(ACTIVITY): Only the lines from the one containing "Downstairs Jwoww is" to the end of the material are to be copied, exactly and in full; images stay out.

(SUPPLIED DATA):
....

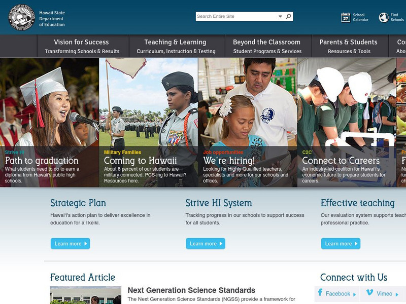 Plenty of information here at the Hawaii Department of Education to enlighten both teachers and parents. In addition to the expected links to such areas as test scores, school goals and philosophy, and job opportunities, you will find...
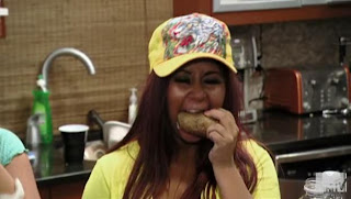 Downstairs Jwoww is watching Snooki and Deena drink themselves into a stupor and Snooki decides she’s going to gnaw on a raw potato.
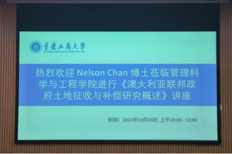 2023年10月30日上午,太阳成tyc7111cc邀请到西悉尼大学Nelson Chan博士于图书馆二会议室进行了题为《澳大利亚联邦政府土地征收与补偿概述》的讲座。陈博士拥有英国雷丁大学士地管理一等荣誉学士学位和澳大利亚表考瑞大学博士学位,是皇家特许测量师学会香港测量师学会、澳大利亚房地产学会、环太平洋房地产协会、亚洲房地产协会和美国房地产协会的成员。陈博士在房地产估价、环境相关房地产问题以及中国房地产市场有深入的研究。
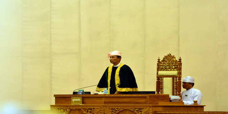 “လက္ရွိ အေျခအေနမွာ က်ေနာ္ ျပည္ေထာင္စုလႊတ္ေတာ္နာယက တာ၀န္ အလွည့္က် ထမ္းေဆာင္ေနတဲ့ ျပည္သူ႔လႊတ္ေတာ္ဥကၠ႒ကိုပါ ဖြဲ႕စည္းပံု အေျခခံဥပေဒပါ ျပဌာန္းခ်က္ကို အသံုးျပဳၿပီး တိုင္တန္းထားေၾကာင္း သိရွိရပါတယ္။ ဒါ့ေၾကာင့္ ဒီအစည္းအေ၀းအၿပီးမွာ ဥပေဒၾကမ္းပူးေပါင္းေကာ္မတီနဲ႔ လႊတ္ေတာ္အသီးသီးရွိ ႏုိင္ငံေရးပါတီ အသီးသီး ကိုယ္စားလွယ္မ်ား ေတြ႔ဆံုေဆြးေႏြးပါ။ ေဆြးေႏြးညိႇႏိႈင္းမႈက ရရွိတဲ့ အေျခအေနကို ဥပေဒ ျပဌာန္းႏိုင္ေရးအတြက္သာ စိစစ္ေလ့လာၿပီး ဥပေဒၾကမ္း ပူးေပါင္းေဆာင္ရြက္မႈ ပူးေပါင္း ေကာ္မတီရဲ႕အစီရင္ခံစာကို ၂၀ရက္ ၈ လ ၂၀၁၅ ၾကာသပေတးေန႔ ထက္ေနာက္မက်ေစပဲ လႊတ္ေတာ္သို႔ ထပ္မံတင္သြင္းၿပီး က်င္းပဆဲ လႊတ္ေတာ္အစည္းအေ၀းမွာ ဒီဥပေဒၾကမ္းကို လႊတ္ေတာ္က အတည္ျပဳႏုိင္ေရးစီမံေဆာင္ရြက္သြားမည္”လို႔ ေျပာပါတယ္။

....

(TASK SOLUTION):
 Downstairs Jwoww is watching Snooki and Deena drink themselves into a stupor and Snooki decides she’s going to gnaw on a raw potato.
 2023年10月30日上午,太阳成tyc7111cc邀请到西悉尼大学Nelson Chan博士于图书馆二会议室进行了题为《澳大利亚联邦政府土地征收与补偿概述》的讲座。陈博士拥有英国雷丁大学士地管理一等荣誉学士学位和澳大利亚表考瑞大学博士学位,是皇家特许测量师学会香港测量师学会、澳大利亚房地产学会、环太平洋房地产协会、亚洲房地产协会和美国房地产协会的成员。陈博士在房地产估价、环境相关房地产问题以及中国房地产市场有深入的研究。
 “လက္ရွိ အေျခအေနမွာ က်ေနာ္ ျပည္ေထာင္စုလႊတ္ေတာ္နာယက တာ၀န္ အလွည့္က် ထမ္းေဆာင္ေနတဲ့ ျပည္သူ႔လႊတ္ေတာ္ဥကၠ႒ကိုပါ ဖြဲ႕စည္းပံု အေျခခံဥပေဒပါ ျပဌာန္းခ်က္ကို အသံုးျပဳၿပီး တိုင္တန္းထားေၾကာင္း သိရွိရပါတယ္။ ဒါ့ေၾကာင့္ ဒီအစည္းအေ၀းအၿပီးမွာ ဥပေဒၾကမ္းပူးေပါင္းေကာ္မတီနဲ႔ လႊတ္ေတာ္အသီးသီးရွိ ႏုိင္ငံေရးပါတီ အသီးသီး ကိုယ္စားလွယ္မ်ား ေတြ႔ဆံုေဆြးေႏြးပါ။ ေဆြးေႏြးညိႇႏိႈင္းမႈက ရရွိတဲ့ အေျခအေနကို ဥပေဒ ျပဌာန္းႏိုင္ေရးအတြက္သာ စိစစ္ေလ့လာၿပီး ဥပေဒၾကမ္း ပူးေပါင္းေဆာင္ရြက္မႈ ပူးေပါင္း ေကာ္မတီရဲ႕အစီရင္ခံစာကို ၂၀ရက္ ၈ လ ၂၀၁၅ ၾကာသပေတးေန႔ ထက္ေနာက္မက်ေစပဲ လႊတ္ေတာ္သို႔ ထပ္မံတင္သြင္းၿပီး က်င္းပဆဲ လႊတ္ေတာ္အစည္းအေ၀းမွာ ဒီဥပေဒၾကမ္းကို လႊတ္ေတာ္က အတည္ျပဳႏုိင္ေရးစီမံေဆာင္ရြက္သြားမည္”လို႔ ေျပာပါတယ္။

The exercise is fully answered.